Sevgili okurlarım, uzunca bir süre birlikte olamadık... Bir tek nedeni var, adına korona denilen ve insanlık aleminin başına bela olan salgın...

Nereden nasıl geldiği, insanlara nasıl yapıştığı çoğu zaman belli değil.

Bundan yaklaşık üç hafta önceydi...

Bu mereti önce bizim hanım kaptı.

Testlerini yaptırdık, pozitif çıktı.

Şimdi bir düşünün, aynı evde yaşayan insanlardan biri koronalı çıkmış, öteki sağlam!

Benim de kapacağım ister istemez belliydi...

Ve kaptım.

★★★

Aylar önce de bir kez kapmış ve yatağa düşmüştüm.

Doktorlar bunun tek çaresinin yatmak olduğunu söylediler.

Yattım, belli vitaminler falan aldım ve işi bu yolla bitirdim.

Tabii evin içinde maske takarak.

★★★

Bundan yaklaşık üç hafta önce üzerime acayip bir halsizlik ve yorgunluk çöktü.

Test yaptırdım, negatif çıktı ama bu kez bizim hanım pozitifti...

Halsizlik ve yorgunluk giderek artıyordu. Galiba şifayı ben de kapmıştım!

Durum kötüleşince ‘kurtarıcı meleğimiz’ Başkent Üniversitesi hastanesine gidip Mehmet Haberal hocamıza görünmekten başka çare kalmamıştı.

Ağrım sızım, ateşim yoktu.

Nezle falan değildim, sadece sürekli olarak burnum akıyordu.

Bir de, ilk koronodan sonra tat ve koku alma duygularımı büyük ölçüde yitirmiştim. (Şimdi de öyle.)

★★★

Hastanede gerekli olan bütün tetkikler yapıldı, sonuçlara baktılar ve yatırmaya karar verdiler...

Ve hastanede ‘virüs yayan koronalılar’ bölümüne yatırdılar.

O bölümde her şey yasaktı. 

Yattığım sürece odadan dışarı çıkamadım, koridora bile adım atamadım. Daraldım, bunaldım ama kimseye bir şey diyemedim ki...

★★★

Doğrusunu isterseniz bu konuda biraz da ‘şımarıklığım’ vardı!..

Gerek evde ve gerekse dışarıda maske takma ‘zahmetine’ hiç katlanamazdım!

Bu konuda eşim Tansel Çölaşan’la aramızda sürekli tartışma çıkar, beni uyarır ama dikkate almazdım.

Hatta, hele açık havada maske takanlara biraz da alaycı (!) gözle bakardım. 

Aymazlığımın ve sorumsuzluğumun cezasını böylece çekmiş oldum.

★★★

Türk toplumu gördüğüm kadarıyla koronaya karşı korunma önlemlerini artık çok fazla ciddiye almıyor.

Toplu taşıma araçlarında bile maske takanların sayısı çok az.

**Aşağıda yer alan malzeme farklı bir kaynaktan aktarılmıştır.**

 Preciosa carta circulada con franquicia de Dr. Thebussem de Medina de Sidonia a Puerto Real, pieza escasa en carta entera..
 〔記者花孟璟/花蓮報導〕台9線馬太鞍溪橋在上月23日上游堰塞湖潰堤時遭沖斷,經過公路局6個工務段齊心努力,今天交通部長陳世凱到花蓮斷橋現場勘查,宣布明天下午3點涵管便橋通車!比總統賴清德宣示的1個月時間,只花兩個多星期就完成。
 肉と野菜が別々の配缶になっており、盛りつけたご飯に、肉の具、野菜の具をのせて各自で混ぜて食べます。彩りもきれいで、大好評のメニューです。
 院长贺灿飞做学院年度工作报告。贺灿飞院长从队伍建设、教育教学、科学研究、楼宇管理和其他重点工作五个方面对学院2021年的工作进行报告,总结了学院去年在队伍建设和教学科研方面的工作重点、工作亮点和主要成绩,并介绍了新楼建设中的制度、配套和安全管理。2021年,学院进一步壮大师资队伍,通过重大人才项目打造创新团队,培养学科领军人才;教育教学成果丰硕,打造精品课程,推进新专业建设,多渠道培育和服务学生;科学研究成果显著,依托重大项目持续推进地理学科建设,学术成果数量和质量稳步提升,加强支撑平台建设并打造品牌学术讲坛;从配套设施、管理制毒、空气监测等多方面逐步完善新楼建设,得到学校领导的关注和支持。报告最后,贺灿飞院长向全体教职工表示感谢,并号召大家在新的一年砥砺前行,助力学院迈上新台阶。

Maske neredeyse sadece hastaneler için geçerli!

Sağlık Bakanlığı da anladığım kadarıyla işi tavsatmış. O eski önlemlerle birlikte Bakanlığın mücadele azmi ve heyecanı da büyük ölçüde yok olmuş. Bu hastalık sürecinde konuştuğum bütün doktorlar aynı endişeyi dile getiriyordu:

“Böyle giderse önümüzdeki aylarda, özellikle de okullar açılınca salgın giderek yayılacak. Yoğun bakım yatakları bütün hastanelerde dolu. Ölümler artacak...Gerekli önlemler alınmadığı sürece böyle olması kaçınılmazdır.”

★★★

Sevgili okurlarım, uzunca bir aradan sonra ilk yazımda kendimden söz etmek durumunda kaldığım için sizlerden özür diliyorum.

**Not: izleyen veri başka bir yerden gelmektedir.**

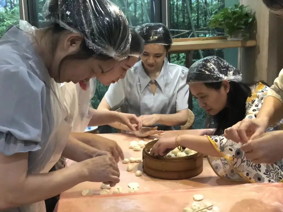南翔小笼包作为上海传统名点,深受大家喜爱。那么,它的制作过程是怎样的呢?在专业老师的指导下,妇女干部们体验了小笼包制作。别看一个个精致的小笼包在老师手中不一会儿就成形,自己动手,还真挺难的。大家相互讨论研究,不断改正手势动作,一点点进步。虽然,小笼包不及老师制作的精致,但通过自身努力来完成,吃起来也别有一番风味!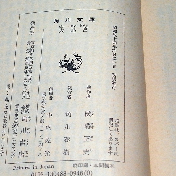 Product name: ●横溝正史 大迷宮 (初版・角川文庫)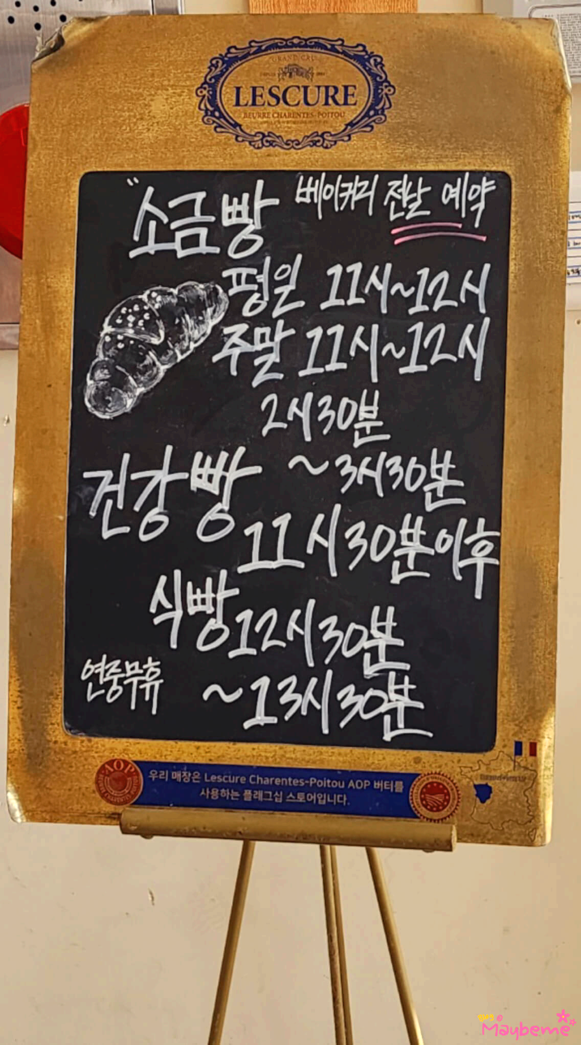 입구에 들어서면 볼 수 있는 공지판이에요. 베이커리 예약 할 수 있는 공지가 적혀 있어요. '정직한 제빵소'에서 는 프랑스에서 인증한 Lescure, AOP를 사용하고 있는 매장이라고 적혀있어서 안심이 돼요. 느끼하지 않고 버터의 고소한 풍미도 느껴져서 빵이 맛이 있어요.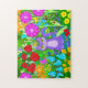 Puzzle Le chat de bande dessinée dans le jardin fleurit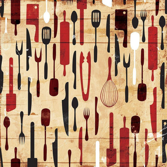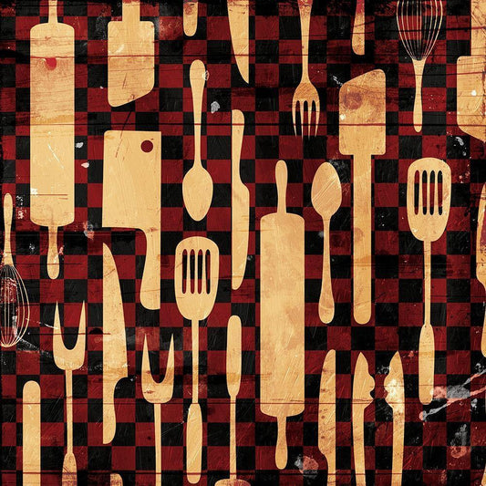 Utensils On The Wall Gold Ornate Wood Framed Art Print with Double Matting by Grey, Jace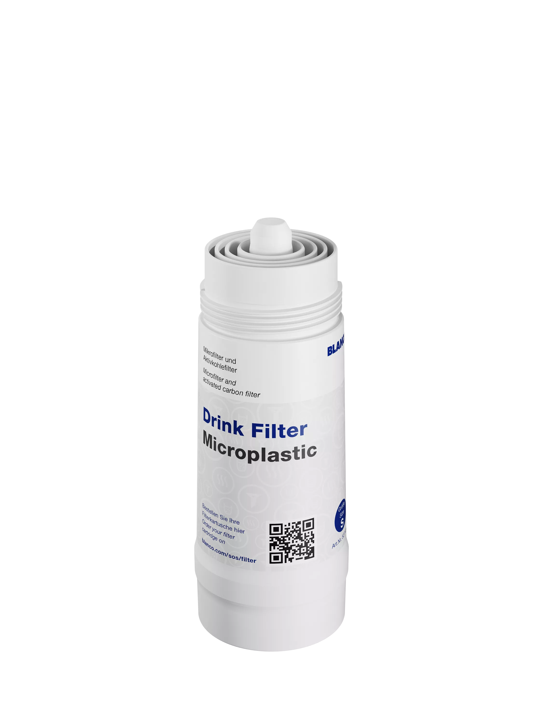 The micro filter reduces microplastic and other particles above 0,001 mm. The integrated active carbon filter reduces particles and any agents which may affect the smell and taste of drinking water such as chlorine. The filter is perfectly suited for BLANCO water or filter systems.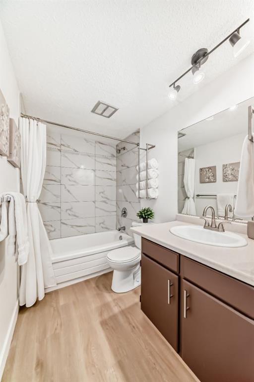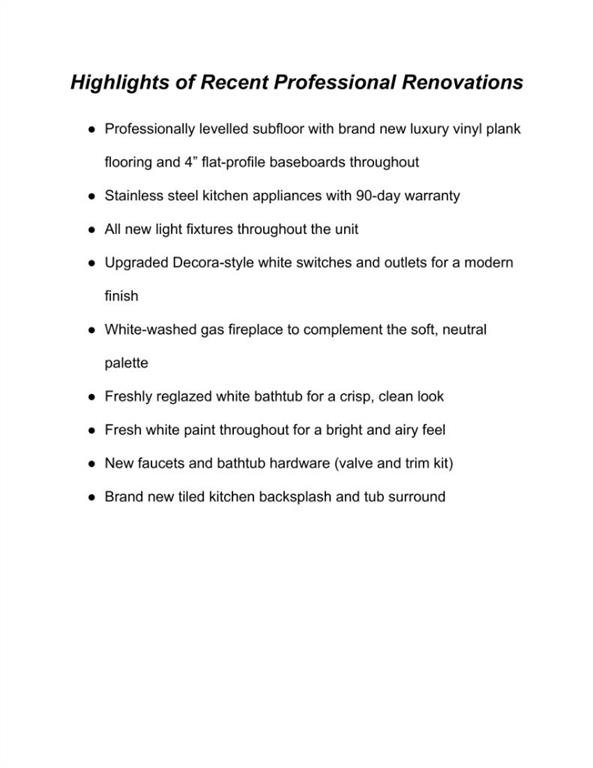 Freshly renovated 2-bedroom + versatile den condo in sought-after Varsity. From the moment you walk in, the space feels fresh, light, and airy. Updates include luxury vinyl plank flooring, new paint, updated tile and baseboards, modern lighting and faucets, a reglazed tub, and stainless steel kitchen appliances—creating a clean, contemporary, like-new feel throughout. The well-designed layout features a large primary bedroom that easily fits a king-size bed, a flexible den for a home office or extra storage, and a cozy stone-faced gas fireplace. Sliding patio doors open to a quiet, private balcony overlooking a peaceful courtyard with a peek-a-boo view of Market Mall.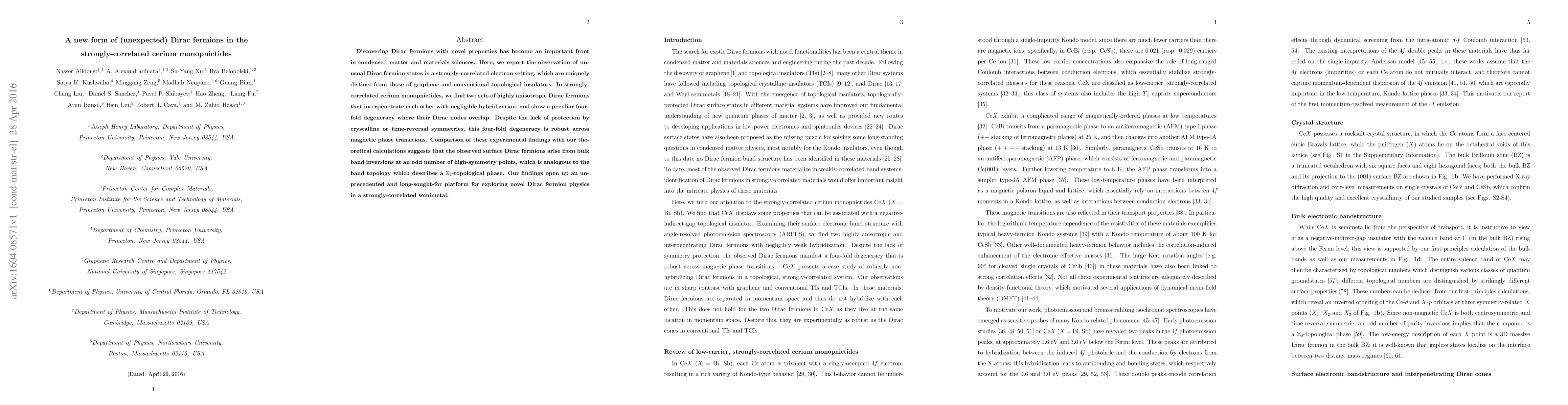 This paper reports the discovery of unusual Dirac fermions in cerium monopnictides, featuring highly anisotropic, interpenetrating Dirac nodes with a robust four-fold degeneracy. The findings suggest a novel $\mathbb{Z}_{2}$-topological phase arising from bulk band inversions, offering a new platform for exploring Dirac fermion physics in strongly-correlated materials.

Türkiye’nin gündemi çok yoğun...

Rüşvet, yolsuzluk ve her alandaki vurgun iddiaları Türk milletinin başını döndürüyor, tiksindiriyor.

Balık sadece kuyruğundan değil en başından kokmuş!

Ortalığa her taraftan pis kokular yayılıyor.

En yüksek yerlerden bile!..

Neyse, yarından başlayarak normal gündem konularına yavaş yavaş girmeye başlarız!